The economy rebounds quickly from these episodes, but only partially, making up only half of the ground lost during the crisis episode, or about four percentage points in these simulations. After the initial bounce, a combination of persistently adverse circumstances produces a protracted output decline, as we can see in the Mexican data after the debt crisis (not reported), and also in line with empirical evidence on the long-term consequences of financial crises in other emerging and advanced economies (Cerra and Saxena 2008, Reinhart and Rogoff 2009). The international cost of borrowing remains elevated for an extended period, even though spreads revert after the crisis. The productivity decline is sizable and very long-lasting, with technology reaching a level that is below the one at the beginning of the boom. During the post-crisis period, investment and to a lesser extent consumption also stagnate below their pre-crisis levels (Benigno and Fornaro 2017). As a result, credit flows (the level of the trade balance in Figure 3) remain above (below) their pre-crisis level long after the crisis has ended, although the economy is no longer financially constrained.

Conclusions

Our new estimated model of business cycles and sudden stop crises, which fits Mexico’s experience of severe crises episodes well, suggests that these episodes can have a very long-lasting negative economic impact. When crises end, a rebound in economic activity can occur quickly but might be only partial. Our model indicates that protracted periods of stagnation, such as those experienced after the Global Crisis in the US, are relatively common occurrences, and that economic recovery from crises amplified by financial constraints can be slow and anaemic.
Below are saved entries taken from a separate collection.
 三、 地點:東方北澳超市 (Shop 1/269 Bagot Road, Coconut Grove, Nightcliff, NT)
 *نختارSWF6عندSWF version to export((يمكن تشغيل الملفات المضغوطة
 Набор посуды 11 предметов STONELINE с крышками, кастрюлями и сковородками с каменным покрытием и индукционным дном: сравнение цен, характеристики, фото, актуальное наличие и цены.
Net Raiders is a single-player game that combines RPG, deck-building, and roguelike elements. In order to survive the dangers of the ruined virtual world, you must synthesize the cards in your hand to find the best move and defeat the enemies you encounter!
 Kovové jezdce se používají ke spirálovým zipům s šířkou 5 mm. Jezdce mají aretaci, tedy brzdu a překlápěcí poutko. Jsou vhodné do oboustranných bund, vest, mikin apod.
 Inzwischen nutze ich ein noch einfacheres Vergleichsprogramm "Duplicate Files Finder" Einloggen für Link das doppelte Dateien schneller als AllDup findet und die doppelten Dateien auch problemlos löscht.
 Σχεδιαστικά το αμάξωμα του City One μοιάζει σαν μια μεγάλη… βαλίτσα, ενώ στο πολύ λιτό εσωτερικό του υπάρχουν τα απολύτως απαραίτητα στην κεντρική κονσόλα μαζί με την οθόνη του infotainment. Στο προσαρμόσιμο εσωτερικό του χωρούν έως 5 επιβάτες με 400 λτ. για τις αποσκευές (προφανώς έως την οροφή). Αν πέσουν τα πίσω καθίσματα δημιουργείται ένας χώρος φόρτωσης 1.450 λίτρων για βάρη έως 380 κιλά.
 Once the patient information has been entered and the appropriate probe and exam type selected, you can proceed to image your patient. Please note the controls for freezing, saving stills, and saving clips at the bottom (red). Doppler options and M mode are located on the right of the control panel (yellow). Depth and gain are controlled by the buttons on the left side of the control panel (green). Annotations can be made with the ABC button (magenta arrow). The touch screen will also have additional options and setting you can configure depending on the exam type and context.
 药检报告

Authors’ Note: The views expressed are solely those of the authors and do not necessarily reflect the views of the Federal Reserve Banks of New York, San Francisco, or St. Louis, or the Federal Reserve System.

References

Ambrus, A, E Field and R Gonzalez (2020), "Loss in the Time of Cholera: Long-Run Impact of a Disease Epidemic on the Urban Landscape", American Economic Review 110(2): 475-525.

Barro, R, J Ursua and J Weng (2020), "Coronavirus Meets the Great Influenza Pandemic", VoxEU.org, 20 March.
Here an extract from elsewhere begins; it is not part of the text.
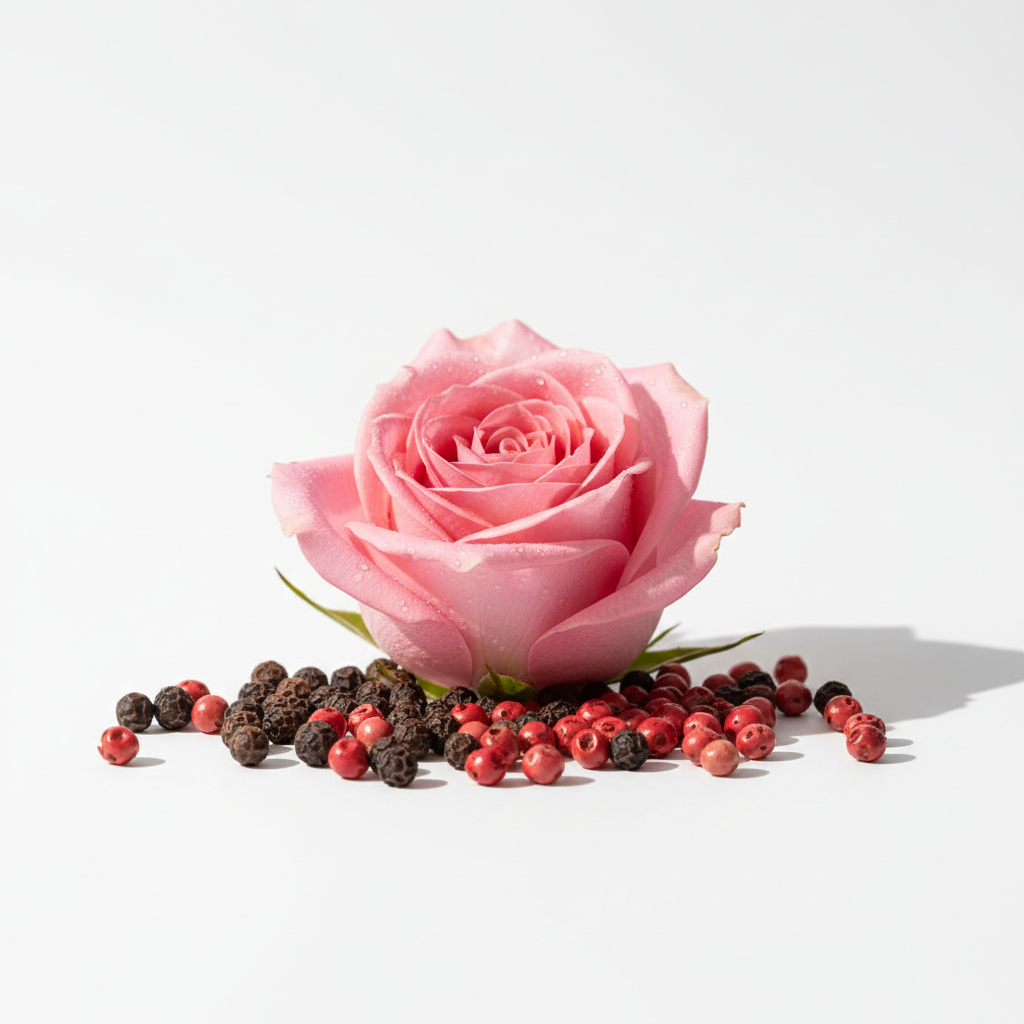 - Top: Raspberry, Rose, Black Pepper, Pink Pepper

Benigno, G, A Foerster, C Otrok and A Rebucci (2020), “Estimating Macroeconomic Models of Financial Crises: An Endogenous Regime Switching Approach”, CEPR DP No. 14545.

Benigno, G and L Fornaro (2017), "Stagnation Traps", Review of Economic Studies 85(3): 1425-1470.

Boissay, F, F Collard and F Smets (2016), "Booms and Banking Crises", Journal of Political Economy 124(2): 489-538.

Cerra, V and S C Saxena (2008), "Growth Dynamics: The Myth of Economic Recovery", American Economic Review 98(1): 439-57.

Correia, S, S Luck and E Verner (2020), Pandemics Depress the Economy, Public Health Interventions Do Not: Evidence from the 1918 Flu, manuscript, MIT.

Reinhart, C M and K Rogoff (2020), "The Coronavirus Debt Threat", The Wall Street Journal, 26 March.

Reinhart, C M and K S Rogoff (2009), This Time Is Different: Eight Centuries of Financial Folly, Princeton University Press.

Endnote

1 The crisis tally index of Reinhart and Rogoff (2009) ranges from zero to six, depending on whether a country-year observation is deemed to be in one or more of the following six varieties of crisis, assigning the value of one if a variety is present: currency, inflation, stock market, sovereign domestic or external debt, and banking crisis. In Figure 1, the index is normalized to range between zero and one.